Абхидхамма - это не о реальности абсолютных дхамм, а о нереальности относительных))вот в чем дело.
То, что вы прислали в ссылке - это как раз описание бессущностных изменчивых дхамм, которые можно цитируя, описать как:
"Весь мир - лишь череда пустых и обусловленных явлений".
О каком еще мире вы спорите - мне вообще непонятно. Это же разговор ни о чем, философствование по примеру "мир конечен или бесконечен".
Будда на такие вопросы не отвечал, потому что в их основе ложная предпосылки о наличии отдельного от потока дхамм "реального мира", которого нет в Его Учении. Вопрос подобный тому: "А вы хотите исчезнуть?" В его основе - понятие о Я, которое может исчезнуть.

----------

Styeba (16.08.2013), Tong Po (16.08.2013)

----------


## Жека

> В этой сутте Будда говорит о том, что изменчивые формы и т.д. - реально существуют. А вот чего реально не существует - так это _неизменчивых_ форм
> Так вроде ж пришли к консенсусу, что, например, дядя Вася и Будда - это два разных потока. И поток Будды вне дяди Васи, а поток дяди Васи вне Будды.
> А зачем говорить очевидное? Будда от вас не зависит, например. И он покинул независимо от вас сансару-то, меж прочим
> 
> Всё что вы цитируете, имеет отношение исключительно к личностному субъективному миру одного-единственного существа. А не всего мира вообще.


1. А что такое "мир вообще"?
2. Если бы Будда считал нужным заявить о существовании реального независимого от намы рупы мира, он бы заявил. Вы сейчас придумываете то, чего нет в словах Будды. Зачем?
3. То, что мой поток никак не связан с вашим и остальными другими - кто это отрицает? 
4. В сутте Будда (третий раз повторяю) говорит о том, что он следует общепринятым нормам общения и говорит с точки зрения относительной истины, "человек", "существо", я" и так далее. В сутте нет слова "реальный". 
5. Я просила прокомментировать многочисленные приведенные мной цитаты из Канона, а не бхикку Бодхи. Цитаты от Будды.

----------

Styeba (16.08.2013), Tong Po (16.08.2013)

----------


## Сергей Ч

> А мы и не говорим о реальности. Я в очередной раз обращаю ваше внимание, что реальность и нереальность- две отринутый Буддой крайности. Вы и Зом почему- то спорите с Буддой.
> Я так и не увидела ни одной цитаты, где Будда говорил бы о том, что существует независимый от существа самостоятельный мир. 
> Зато я вот что знаю от самого Татхагаты: 
> *"В шести зачался мир, с шестью связан мир, в шести мучится мир"*.

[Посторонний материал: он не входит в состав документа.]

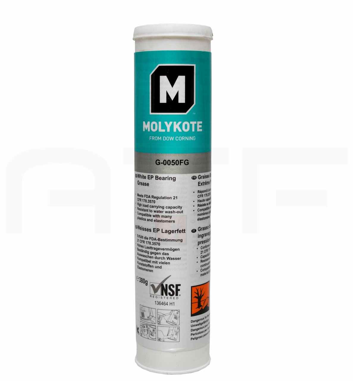 Пластичный смазочный продукт на базе минерального масла и комплексного алюминиевого загустителя. В составе применен антифрикционный наполнитель – оксида цинка, противозадирные и противоизносные присадки. Molykote G-0050 имеет допуск NSF H1. Отличается высокой несущей способностью и устойчивостью к вымыванию водой. Применяется для тяжелонагруженных узлов трения пищевого оборудования, которое работает в температурных условиях -17...+150 °С.
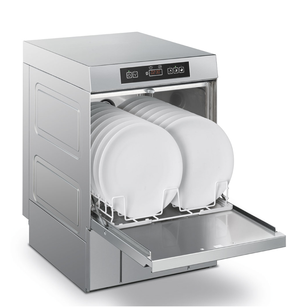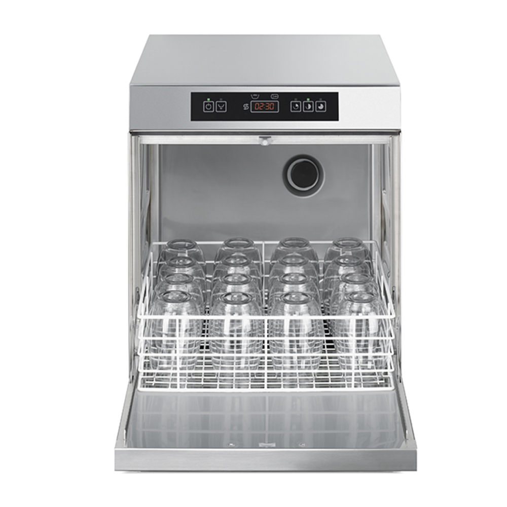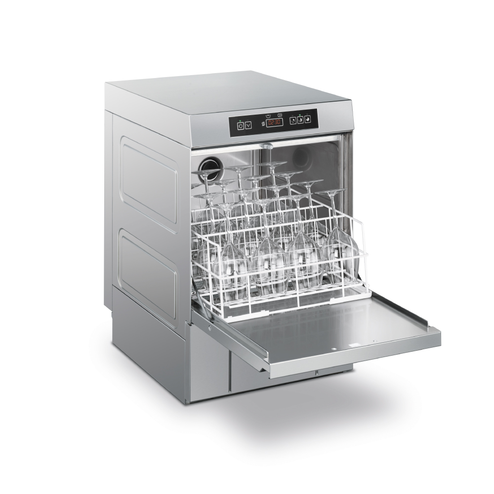 Διαστάσεις 440x530x670(h)mm Άνοιγμα πόρτας 330 mm Καλάθι 400x400 mm Προγράμματα 90 / 150 / 240 sec Συνολική Ισχύς 3 Kw / 230V / 50Hz Αντίσταση κάδου 2000 Watt Αντίσταση Boiler 2700 Watt Αντλία πλύσης 0,29 KWatt Συμπεριλαμβάνονται: 1 καλάθι γενικής χρήσης & 1 μονή θήκη για μαχαιροπήρουνα.
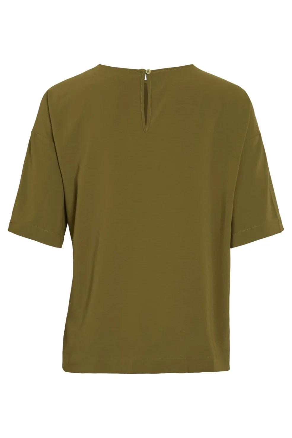 Mørkegrøn top fra Vila med rund halsudskæring. Toppen har en dekorativ knudedetalje med metalaccent og korte ærmer. Den er fremstillet af delvist genanvendt materiale.
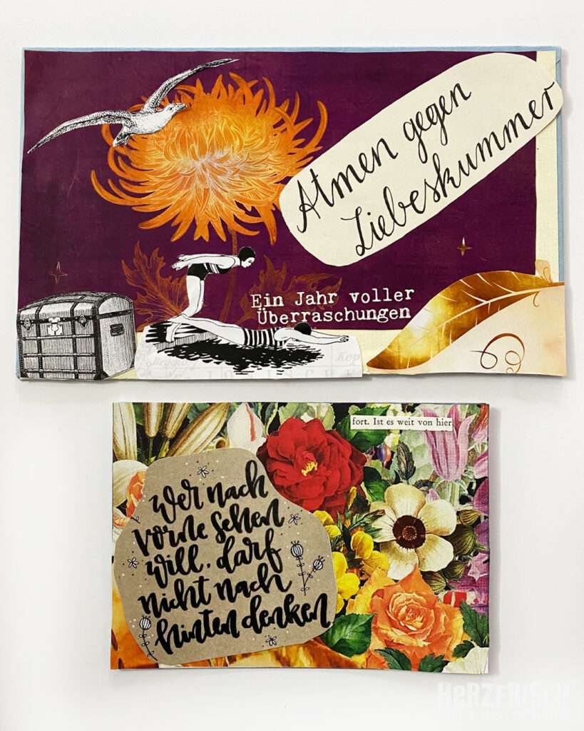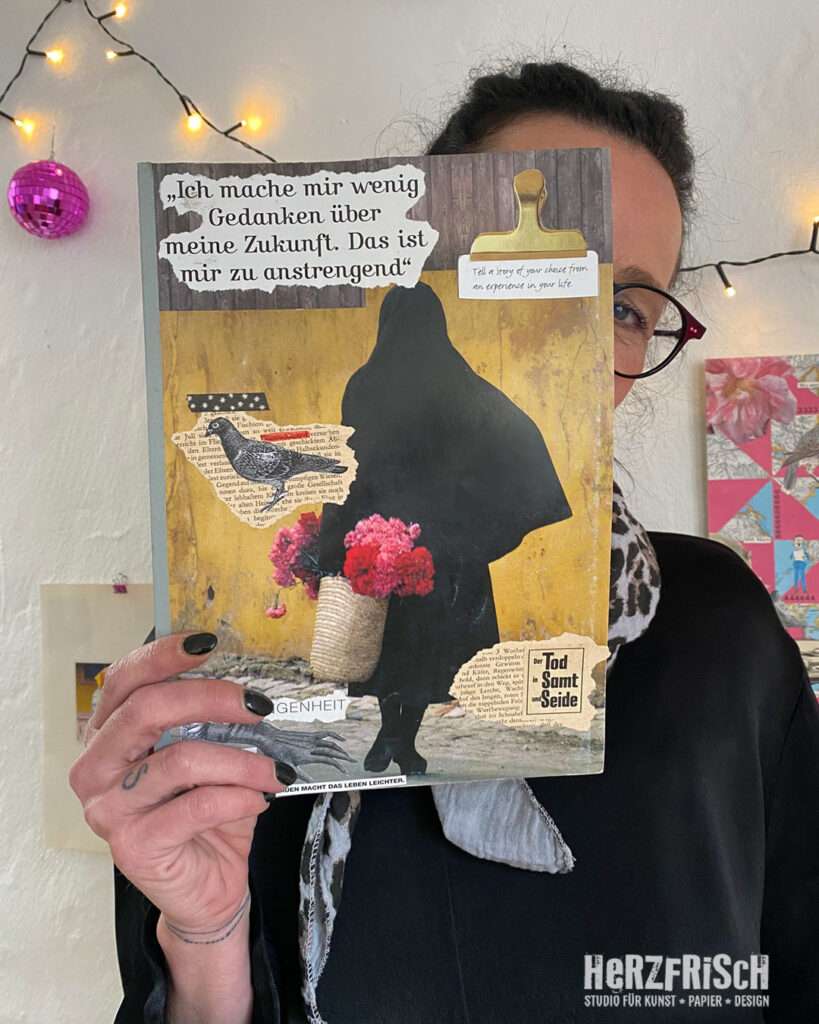 Die Collagen, die dabei entstanden sind, sind so vielfältig wie die Menschen am Tisch: verspielt, nachdenklich, bunt, humorvoll und manchmal auch ein bisschen rebellisch. Jede Collage erzählt ihre eigene kleine Geschichte.

Например лодка, которую можно увидеть и даже потрогать на берегу моря - это действительный, объективно-данный, не воображаемый объект. Так ведь? Если так, то можно сказать, что лодка реальна, ибо она не является плодом моего или вашего сознания. ) А вот при ближайшем рассмотрении мы видим лишь скопление разного рода материальных частей, каждая из которых лодкой не является. Кроме того, деревянные части лодки рано или поздно разрушаться. Таким образом, лодка пуста и безсущностна. Так что говоря о реальности дхамм никто с Буддой не спорит. Ни Бханте Топпер, ни Zom ни отрицают всех этих вещей:

_С(22):98 " Монахи, в этом мире нет ничего, что бы имело постоянную, вечно длящуюся сущность".
 Д(17):8,16 " Все, что меняется - постоянно возникает и исчезает. Постоянно возникая и исчезая, все, чье существование зависит от внешних причин, недостойно вашего внимания и влечения. Не интересуйтесь этим, о монахи, но постарайтесь полностью избавиться от этого"._

Здесь даже наоборот получается - именно отрицание реальности дхамм, которые аничча и анатта -  вот что является спором с Буддой.. ) С этого то и начинаются разного рода иллюзионистские теории, отрицающие Четыре Благородные Истины - "типа нет страдания, нет причин страдания.." и т.д. )

----------

Kittisaro (15.08.2013), Zom (15.08.2013), Богдан Б (19.08.2013), Мира Смирнова (15.08.2013), Степан Т (15.08.2013), Топпер- (15.08.2013)

----------


## Жека

> Например лодка, которую можно увидеть и даже потрогать на берегу моря - это действительный, объективно-данный, не воображаемый объект. Так ведь? Если так, то можно сказать, что лодка реальна, ибо она не является плодом моего или вашего сознания. )
> Здесь даже наоборот получается - именно отрицание реальности дхамм, которые аничча и анатта -  вот что является спором с Буддой.. ) С этого то и начинаются разного рода иллюзионистские теории, отрицающие Четыре Благородные Истины - "типа нет страдания, нет причин страдания.." и т.д. )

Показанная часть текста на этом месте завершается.